[Stored entries]
= Beginning of Section =

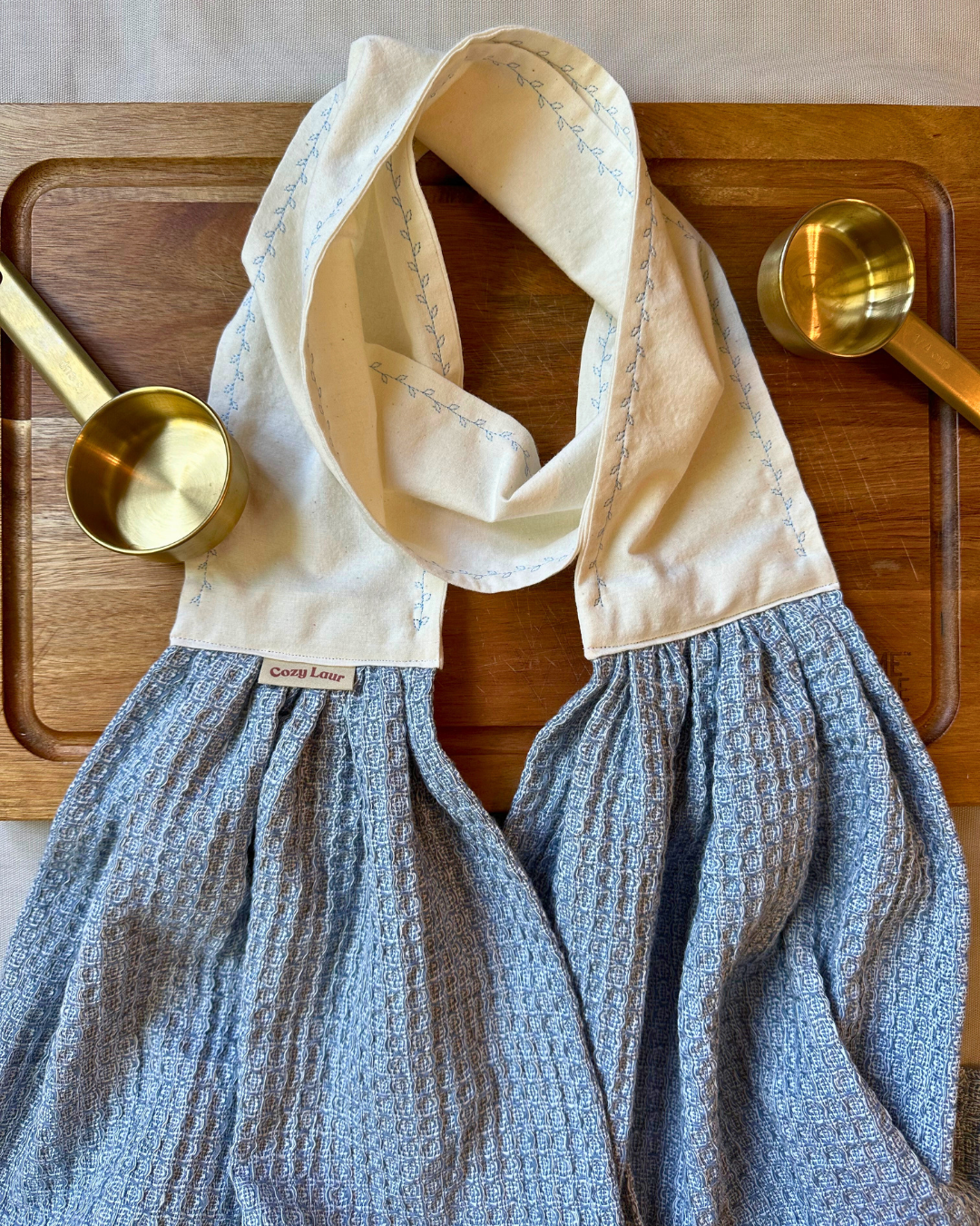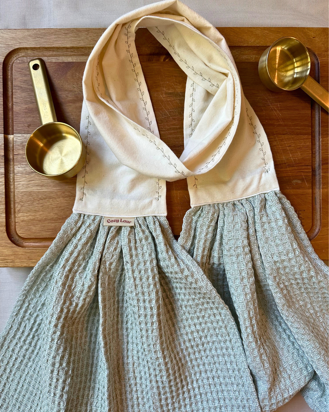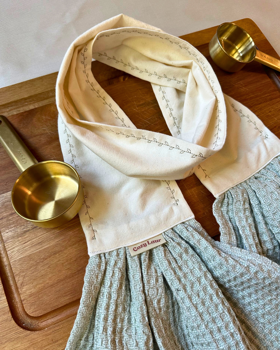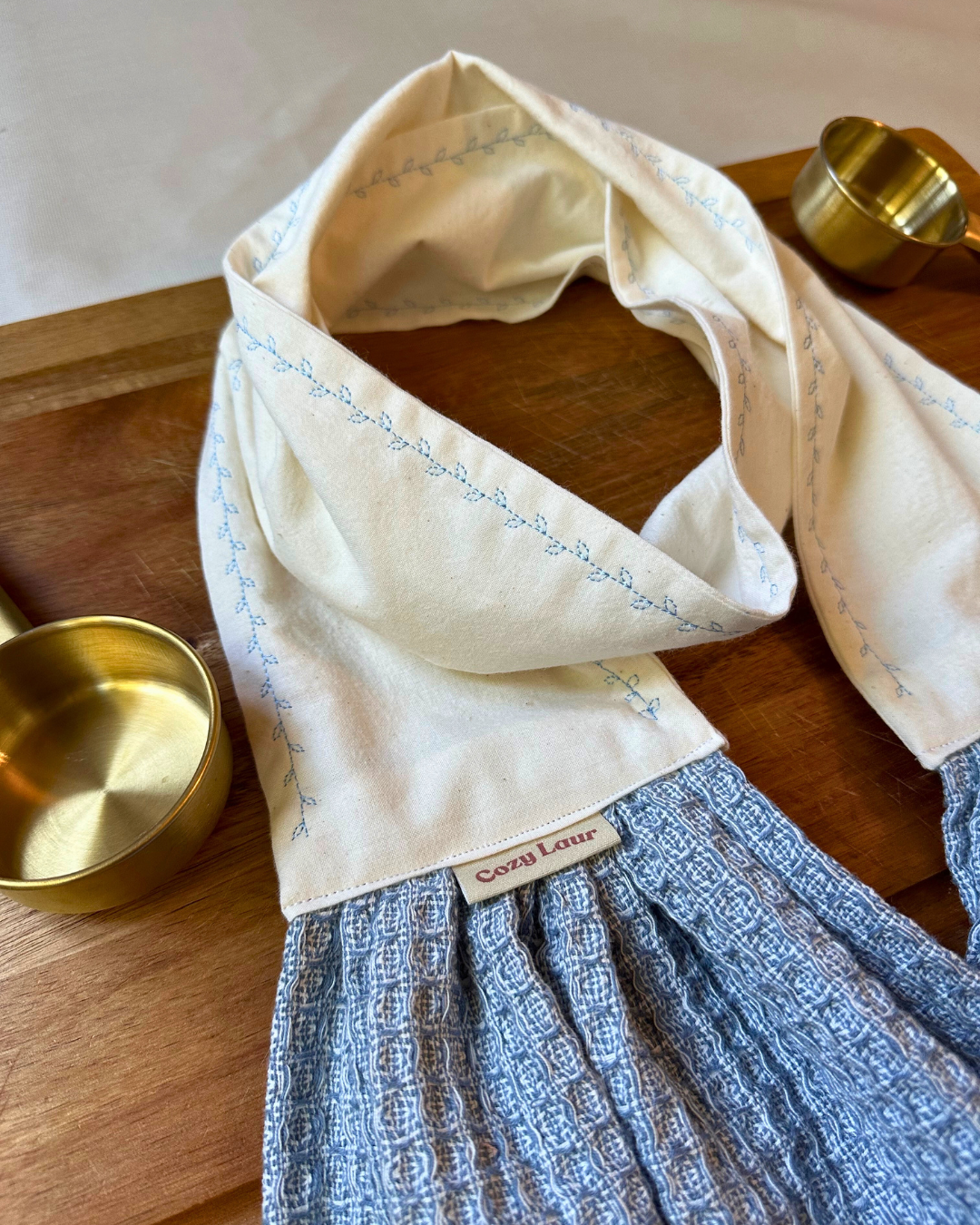 The Original Cozy Laur Towel Scarf features a farmhouse-inspired rustic white strap with an embroidered leaf border. Each end is attached to two waffle towels; now available in 3 colorways - cornflower blue, sage green, and peach.
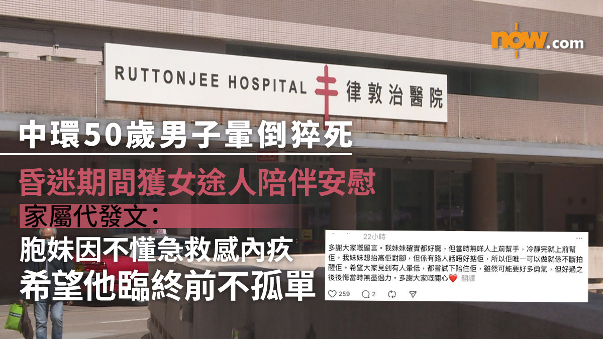 【Now.com】一名50歲男子上周六(29日)在中環街頭猝死,壯年逝世固然令人婉惜,但背後見證了一段人間有愛的故事。當男事主暈倒時,一名熱心的女途人曾上前協助,事後其姐姐在社交平台Threads發文尋人,希望得知男事主的最新情況,當得悉噩耗後,坦言十分遺憾。
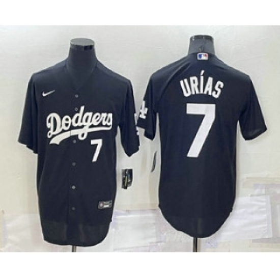>Men's Los Angeles Dodgers #7 Julio Urias Number Black Turn Back The Clock Stitched Cool Base Jersey
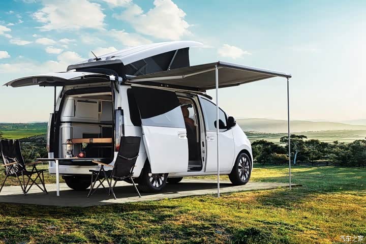 车身侧面,新车采用移滑门的设计,同时配备上了镜面轮毂和隐私玻璃,让整车十分的时尚且具有不错的私密性。新车的车顶进行了一些加装,可以支起小帐篷。新车的尾灯造型修长,点亮后拥有不错的辨识度。车尾还十分贴心的配备了防蚊帘,这样的设计使得出去露营能更好的防蚊虫,而且还十分透气。
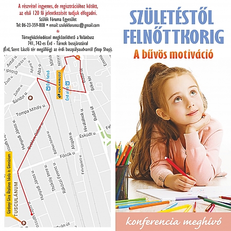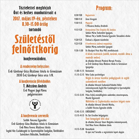 A pedagógusok, szülők és segítő szakemberek körében méltán népszerű programra idén Érden, a Gárdonyi Géza Általános Iskola és Gimnázium épületében kerül sor T. Mészáros András polgármester fővédnöksége mellett. A konferencia társszervezői a házigazda tanintézmény, az Érdi Móra Ferenc Általános Iskola és a törökbálinti Családsegítő és Gyermekjóléti Szolgálat, valamint Szérűskert Bölcsőde. A két iskola tanítás nélküli munkanapot tart a rendezvény alatt.

= End of Section =

Required action. Reproduce the records above word for word, without the images.

Response to the exercise.
 The Original Cozy Laur Towel Scarf features a farmhouse-inspired rustic white strap with an embroidered leaf border. Each end is attached to two waffle towels; now available in 3 colorways - cornflower blue, sage green, and peach.
 【Now.com】一名50歲男子上周六(29日)在中環街頭猝死,壯年逝世固然令人婉惜,但背後見證了一段人間有愛的故事。當男事主暈倒時,一名熱心的女途人曾上前協助,事後其姐姐在社交平台Threads發文尋人,希望得知男事主的最新情況,當得悉噩耗後,坦言十分遺憾。
>Men's Los Angeles Dodgers #7 Julio Urias Number Black Turn Back The Clock Stitched Cool Base Jersey
 车身侧面,新车采用移滑门的设计,同时配备上了镜面轮毂和隐私玻璃,让整车十分的时尚且具有不错的私密性。新车的车顶进行了一些加装,可以支起小帐篷。新车的尾灯造型修长,点亮后拥有不错的辨识度。车尾还十分贴心的配备了防蚊帘,这样的设计使得出去露营能更好的防蚊虫,而且还十分透气。
 A pedagógusok, szülők és segítő szakemberek körében méltán népszerű programra idén Érden, a Gárdonyi Géza Általános Iskola és Gimnázium épületében kerül sor T. Mészáros András polgármester fővédnöksége mellett. A konferencia társszervezői a házigazda tanintézmény, az Érdi Móra Ferenc Általános Iskola és a törökbálinti Családsegítő és Gyermekjóléti Szolgálat, valamint Szérűskert Bölcsőde. A két iskola tanítás nélküli munkanapot tart a rendezvény alatt.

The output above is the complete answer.